Rachel sucked in air suddenly, then coughed. Someone had reminded Annie about the Crossroad, about that horrible day. Surely they had, for her daughter, at only four years of age, would never have remembered without someone prompting her.
Who?
It was then that she actually tried to force herself to see, that very moment as she pulled her darling girl into her arms, holding her close. She tried so deliberately that it hurt, like knowing there was surely a light at the end of a long, long dark tunnel. Knowing this only because people told you it was there, and trying so hard to see it for yourself.
Leaning forward . . . straining, with Annie still tight in her embrace, Rachel strove to catch a glimpse of the minuscule, round opening—the light—at the end of the blackness, her blackness. At the end of the pain.
“Why can’t you see, Mamma?”
“I . . . well . . .” She couldn’t explain, not really. How could she make her daughter understand something so complicated?
“Mamma?”
She felt Annie’s tears against her own fa
ce. Oh, her heart was going to break in two all over again if she didn’t put a stop to this. “Now, ya mustn’t be cryin’ over nothing at all,” she said, stroking the tiny head.
“I won’t cry,” Annie said, sniffling. “I promise I won’t, Mamma, if you won’t.”

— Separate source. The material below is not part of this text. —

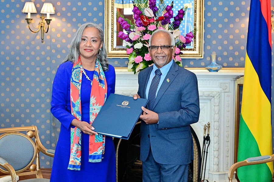 Port Louis, Mauricio.— La Embajadora Erika Álvarez Rodríguez presentó, en una ceremonia oficial celebrada en la Casa de Gobierno, las Cartas Credenciales que la acreditan como Embajadora Extraordinaria y Plenipotenciaria de la República Dominicana ante la República de Mauricio, con sede en Pretoria, ante S.E. el Sr. Dharambeer Gokhool, Presidente de la República de Mauricio, convirtiéndose en la primera mujer dominicana acreditada en ese país.
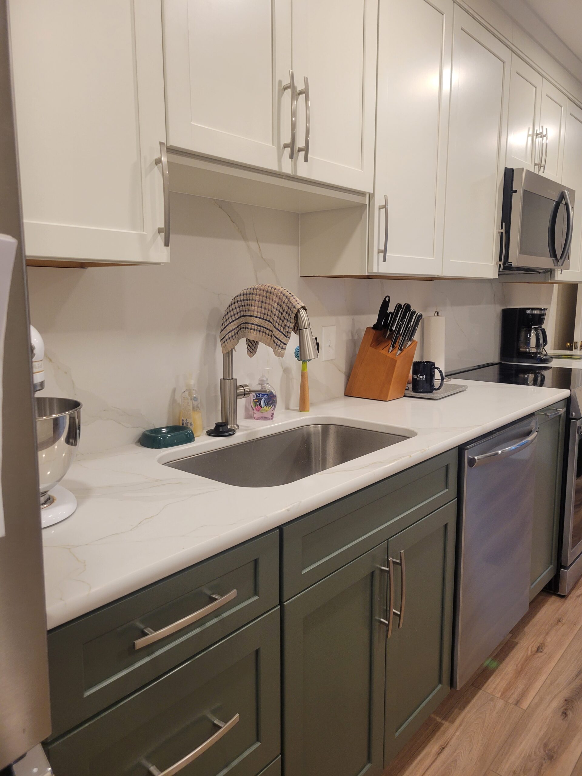 What a difference! Many different items jump out at you when you look a the first floor transformation. The client opted for a backsplash made from the same quartz material for the countertop, and it provided the icing on the cake! Our client loved the results, and looked forward to utilizing the renovated kitchen. What projects to do you have coming up? Give A+ Home Improvements a call to get your project started today. We look forward to hearing from you!!

Again, the pain cut a blow to her heart. How did Annie know about Rachel’s tears? Had she heard what her grandfather used to say, back before they’d come to live here? Was Benjamin still telling folk that his daughter had cried her eyes out—that’s why she couldn’t see? ’Course, no one in their Plain community really and truly believed what the English doctor had said—not anymore anyway. He’d said Rachel’s sight would return quickly, but it hadn’t. No amount of wishing or hoping could make it so.
“Will you promise, Mamma?” Annie said again.
“I can’t promise you for sure, but I’ll try at least.”
“That’s wonderful-gut. Because we’ve got us some pumpkins to pick tomorrow. Won’tcha come help me?” Annie wrapped her slender arms around Rachel and hugged her hard.
“Maybe I will,” replied Rachel, hugging back. “Maybe tomorrow I will.”
Philip was contemplating his interview questions, crafting them wisely as his sister had recommended, even getting them down in longhand for a change. Stopping, he stared at the desk, tinkering with his pen. He noticed the many cubicles and cubbyholes, realizing that most men probably would not have concerned themselves over the size of a compartment to store paper clips, staples, and the like. But he was one to enjoy a systematic approach to order, and the current location of his computer work station and filing cabinets in his home office were not conducive to anything akin to organization.
In the process of opening and closing the various drawers and investigating the nooks in the magnificent desk, he acquired the notion that his system was too limited, at best.
Where can I locate such a desk? he wondered. Almost immediately he decided against inquiring of Susanna or Benjamin Zook. Perhaps someone at the Country Store might be able to direct him to an antique auction or estate sale. Yes, that’s what he might do after his interviews tomorrow. The plan of action, though rather simple, gave him a surprising surge of energy. Not to say that he wasn’t still thoroughly worn out, but the idea was a grand one.